▶ [What is needed] Print the lines exactly. Start at the first line of the material below, end with the line that contains "Y para Esther, elegimos", and skip all pictures.

(Source material begins)

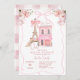 Rosa Bow Cafe Paris Eiffel Torn Inbjudningskort för möhippan
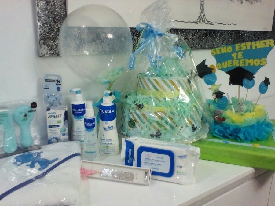 Y para Esther, elegimos un marca páginas de plata, grabado con el nombre de todos los peques, el nombre de la clase y el periodo escolar., además ya que Ester espera a su primer bebé y los peques han vivido todo ese proceso, han ayudado con mucha ilusión en la elección del nombre del bebé y han estado en todo momento al tanto y pendientes de esa tripita, acompañamos el detalle con una tarta de pañales, un pequeño lote de artículos para el cuidado del bebé, un globo transparente que sirvió de relleno para la enorme caja y un ramo de rosas.
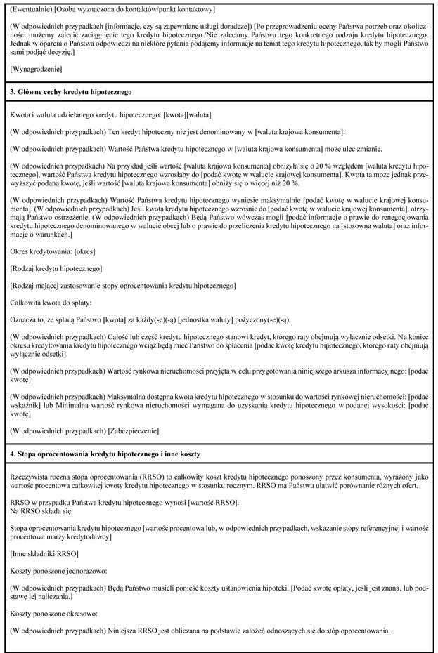 3) Jeżeli dana opcja wiąże się z zaciągnięciem dodatkowego kredytu, należy przedstawić konsumentowi informację o całkowitej kwocie kredytu (w tym kredytu zabezpieczonego hipoteką lub porównywalnym zabezpieczeniem), wyjaśnienie, czy dodatkowy kredyt jest zabezpieczony, czy nie, właściwe stopy oprocentowania oraz wyjaśnienie, czy jest on regulowany. Taka kwota dodatkowego kredytu jest uwzględniana w pierwotnej ocenie zdolności kredytowej, a jeśli tak nie jest, wyjaśnia się, że dostępność dodatkowej kwoty zależy od dodatkowej oceny możliwości spłaty przez konsumenta.

(Source material ends)

▶ [Output of the task]
 Rosa Bow Cafe Paris Eiffel Torn Inbjudningskort för möhippan
 Y para Esther, elegimos un marca páginas de plata, grabado con el nombre de todos los peques, el nombre de la clase y el periodo escolar., además ya que Ester espera a su primer bebé y los peques han vivido todo ese proceso, han ayudado con mucha ilusión en la elección del nombre del bebé y han estado en todo momento al tanto y pendientes de esa tripita, acompañamos el detalle con una tarta de pañales, un pequeño lote de artículos para el cuidado del bebé, un globo transparente que sirvió de relleno para la enorme caja y un ramo de rosas.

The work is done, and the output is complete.